The filter F is a bitstring  $(f_0, \ldots, f_{n-1})$  of length n (or equivalently the integer  $\sum_{i=0}^{n-1} f_i 2^i$ ). The output bit is obtained by computing the weight parity of the bitwise AND of the state M of the main register and of the filter F:

Output bit := 
$$\bigoplus_{i=0}^{n-1} f_i m_i$$
.

Or, equivalently:  $S = M \otimes F$ Output bit := parity(S)

# 1.2.2 Byte filtering

This method is very similar to bit filtering.

The filter F is also a bitstring  $(f_0, \ldots, f_{n-1})$  of length n (which is a multiple of 8). It splits into 8 subfilters  $F_0, \ldots, F_7$  each defined by

$$F_j = \sum_{i=0}^{n/8-1} f_{8i+j} 2^i.$$

Each subfilter  $F_j$  selects some cells  $m_i$  in the main register among the ones satisfying  $i \equiv j$  modulo 8. The parity of the binary word obtained gives one pseudorandom bit :

bit j of output byte := 
$$\bigoplus_{i=0}^{n/8-1} f_{8i+j}m_{8i+j}.$$

As there are 8 subfilters, we get 8 bits at each transition of the automaton.

This procedure can be described equivalently as follows. The filter F and the state of M are combined with the AND function. The result is split in n/8 bytes. The pseudorandom byte is obtained by XORing these n/8 bytes:

 $S := M \otimes F$ Define  $S_i$  by  $S = \sum_{i=0}^{n/8-1} S_i \cdot 256^i$ , with  $0 \le S_i \le n/8 - 1$ Output byte :=  $\bigoplus_{i=0}^{n/8-1} S_i$ .

Note that it is faster to extract a byte than a single bit.

### 1.3 F-FCSR-8: Profile 1, output 1 byte per round

This proposal uses keys of length k = 128 and an IV of length v = 128 or 64 (any length  $v \le 128$  can be used). An IV of value 0 can be used as a default if no value is provided by the application.

According to Conditions 1 we choose for q the following number

### -q = 493877400643443608888382048200783943827

as the public parameter of the automaton. The corresponding bitstring d = (|q| + 1)/2 which describes the positions of the carries cells is

$$d = (B9C6A9EA B7E25FD6 9E86369A 1856EC4A)_{16}.$$

Its Hamming weight is 69 and there are  $\ell = 68$  cells (the Hamming weight of  $d^* = d - 2^{127}$ ) in the carries register and n = 128 cells in the main register.

The filter depends on the key. To avoid potentially weak cases, we need a quality test on the filter. This test is provided by the following function which takes as input a bitstring of length 128 and outputs True if it is suitable as a filter for our application. Else it outputs False.

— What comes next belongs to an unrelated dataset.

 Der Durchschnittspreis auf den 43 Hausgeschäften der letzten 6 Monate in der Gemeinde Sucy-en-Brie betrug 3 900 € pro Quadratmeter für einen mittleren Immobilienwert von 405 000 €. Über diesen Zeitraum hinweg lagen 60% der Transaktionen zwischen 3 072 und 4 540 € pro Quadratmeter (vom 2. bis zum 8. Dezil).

#### Function GoodFilter (F)

Define the 8 subfilters  $F_0, \ldots, F_7$ , each of bitlength 16, by

$$F_j = (f_j, f_{8+j}, f_{16+j}, \dots, f_{8j+j}, \dots, f_{120+j}).$$

IF any one of the subfilters  $F_j$  has an Hamming weight < 3 THEN output False; Output True (in all other cases).

End Function

**a. Initial Setup** (Input a key K of 128 bits)

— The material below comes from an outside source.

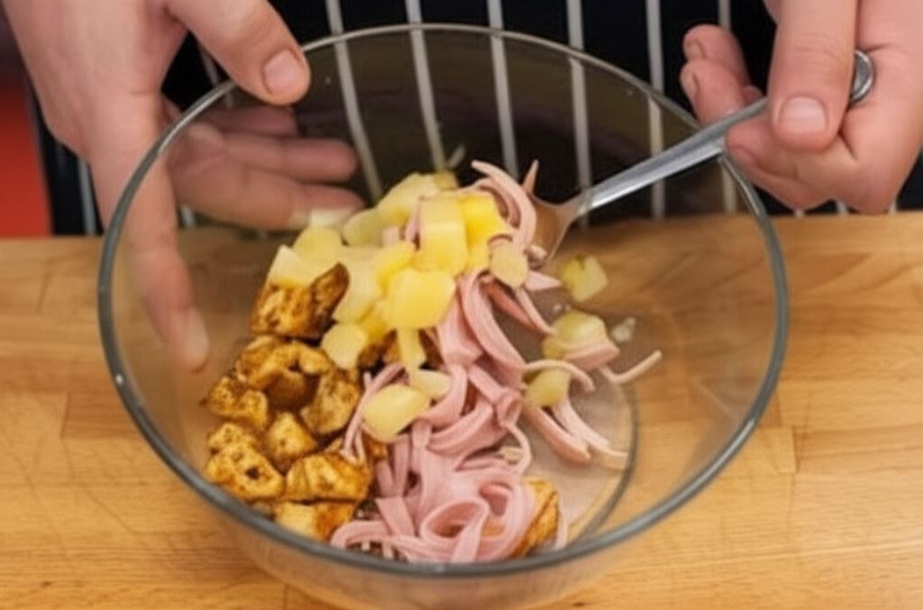 W misce połącz makaron, mięso, szynkę oraz ananasa.

M := K (put the key in the main register)

While NOT GoodFilter(M) Repeat

C := 0

Clock the FCSR automaton 6 times.

End while.

F := M (The content of main register will be the filter)

C := 0 (Clear the carries)

Clock the FCSR automaton 128 times (Wait for diffusion of the key)

 $M_{init} := M$  (Save the content of the main register)

**b.** Change of IV (Input: an IV of bitsize  $v \le 128$ )

 $M := M_{init}$ (Clear the carries) C := 0If  $v \le 64$  Then  $IV_1 := (0^{64-v} || IV)$ (complete IV with zeroes) Else (65  $\leq v \leq 128$ ) Do (IV<sub>2</sub> || IV<sub>1</sub>) := (0<sup>128-v</sup> || IV) (complete IV with zeroes and split it in two 64 bits strings)  $C := (0^4 \| \mathrm{IV}_1)$ (Put IV<sub>1</sub> in the 64 least significant bits of C) Apply 64 times the transition function to the FCSR automaton. If  $65 \leq v$  Then  $C := (0^4 \| \mathrm{IV}_2)$ (Put IV<sub>2</sub> in the 64 least significant bits of C) Apply 64 times the transition function to the FCSR automaton. End If  $M := M_{init}$  (Recall the content of M saved after phase [a])

c. Extraction of the pseudorandom stream We use the one byte filtering method described above, while pseudorandom data is needed. At each clock of the FCSR automaton, the content of the main register M is ANDed with the filter F:

$$S = M \otimes F$$

S is split in 16 bytes 
$$S = \sum_{i=0}^{15} S_i 16^i$$

The pseudorandom byte is the XOR of these bytes: Output byte :=  $\bigoplus_{i=0}^{15} S_i$ 

The Initial Setup step is easier to implement in software (at least the filter quality check). Steps b and c would be extremely fast if implemented in hardware.

# 1.4 F-FCSR-H: Profile 2, output 1 byte per round

This second proposal uses keys of length 80 and IV of bitsize v with  $32 \le v \le 80$ . An IV of value 0 can be used as a default if no value is provided.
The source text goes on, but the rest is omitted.